Task directions ::
Would you repeat word for word the lines of the listing that follows, from the one with "10月21日下午,公司党委书" up to and including the one with "Обои Маленькие тыквы", and leave out the images?

*** Data for processing Section Begins ***

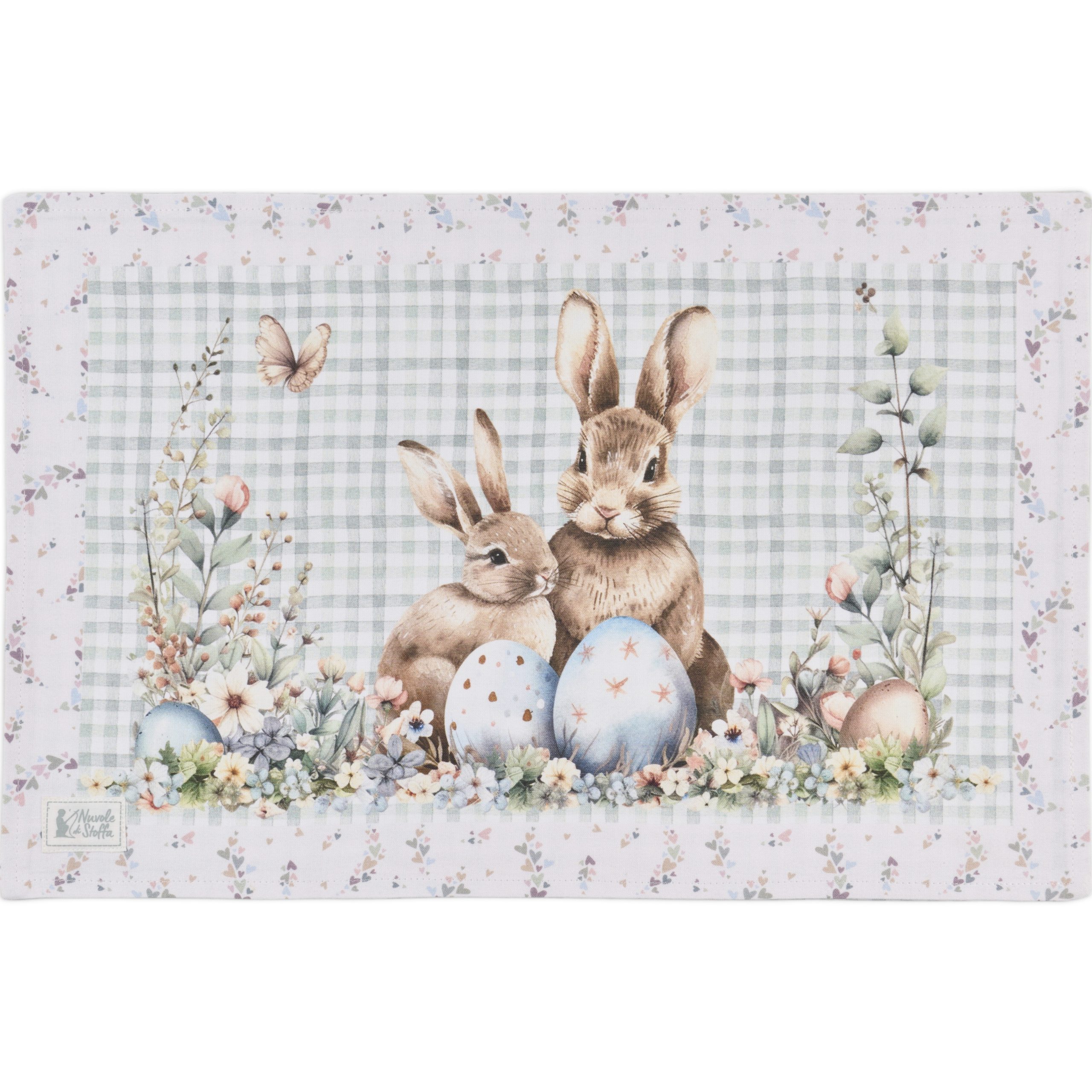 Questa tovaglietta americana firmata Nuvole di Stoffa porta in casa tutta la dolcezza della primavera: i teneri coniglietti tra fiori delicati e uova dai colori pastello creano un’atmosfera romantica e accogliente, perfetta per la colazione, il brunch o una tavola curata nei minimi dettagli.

*** Data for processing Section Ends ***
*** Data for processing Section Begins ***

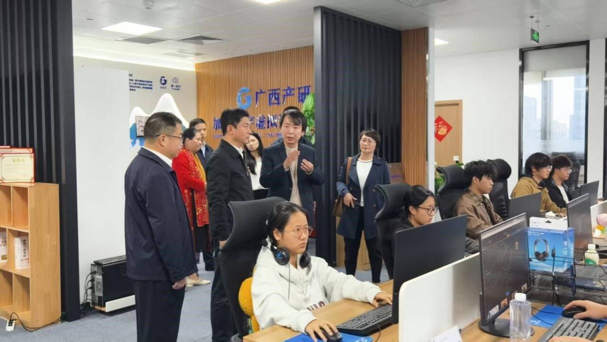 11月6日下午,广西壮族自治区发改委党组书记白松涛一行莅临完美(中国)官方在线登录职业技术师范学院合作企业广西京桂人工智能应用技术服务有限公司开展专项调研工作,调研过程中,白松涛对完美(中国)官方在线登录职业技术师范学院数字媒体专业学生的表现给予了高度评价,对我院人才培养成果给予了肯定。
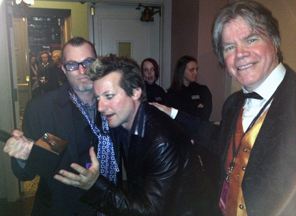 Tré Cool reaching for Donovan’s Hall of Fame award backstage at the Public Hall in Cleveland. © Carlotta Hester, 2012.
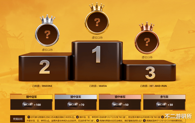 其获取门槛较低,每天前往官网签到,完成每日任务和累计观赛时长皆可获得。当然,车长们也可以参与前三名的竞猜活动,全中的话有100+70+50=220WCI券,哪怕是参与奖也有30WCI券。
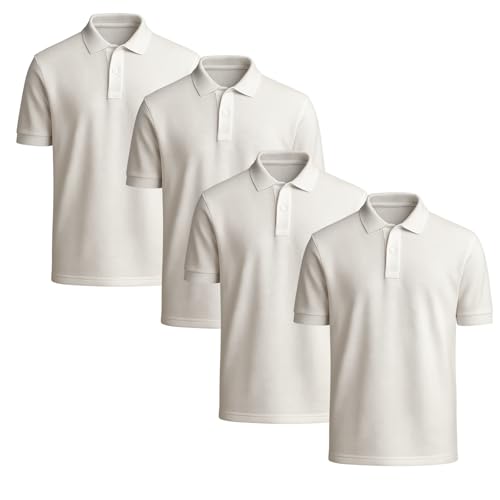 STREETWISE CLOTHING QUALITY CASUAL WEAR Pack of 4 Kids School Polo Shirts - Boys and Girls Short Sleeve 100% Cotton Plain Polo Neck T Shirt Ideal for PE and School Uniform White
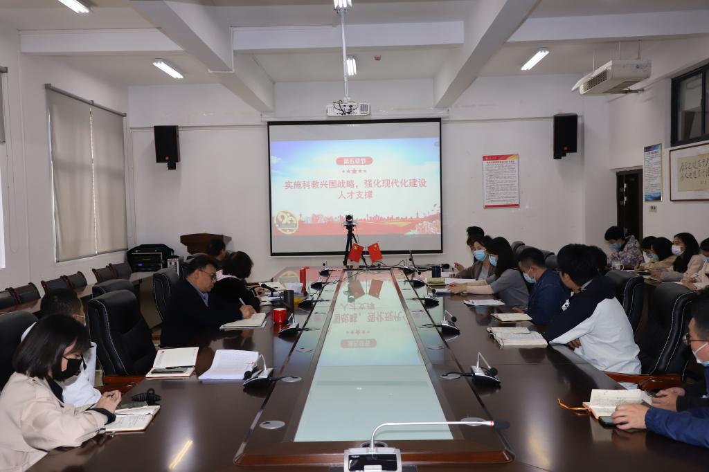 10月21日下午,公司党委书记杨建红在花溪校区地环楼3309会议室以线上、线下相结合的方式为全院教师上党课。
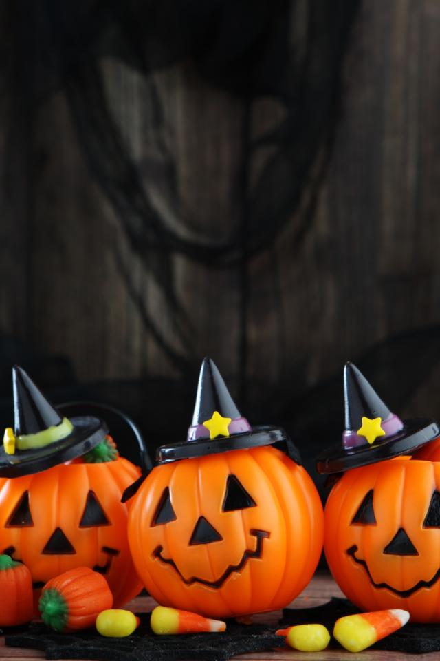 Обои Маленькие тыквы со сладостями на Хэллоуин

*** Data for processing Section Ends ***
*** Data for processing Section Begins ***

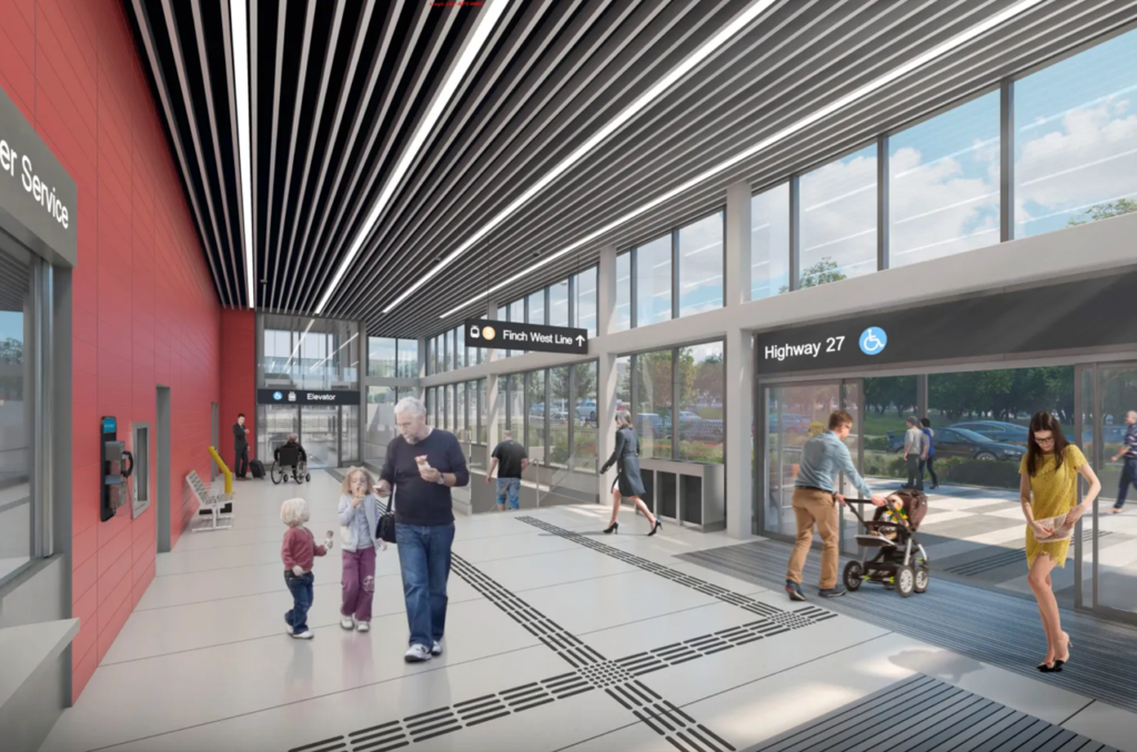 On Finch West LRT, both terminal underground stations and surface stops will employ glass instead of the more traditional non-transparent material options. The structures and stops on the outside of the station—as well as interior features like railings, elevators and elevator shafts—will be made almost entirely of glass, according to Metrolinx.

*** Data for processing Section Ends ***

Task solution ::
 10月21日下午,公司党委书记杨建红在花溪校区地环楼3309会议室以线上、线下相结合的方式为全院教师上党课。
 Обои Маленькие тыквы со сладостями на Хэллоуин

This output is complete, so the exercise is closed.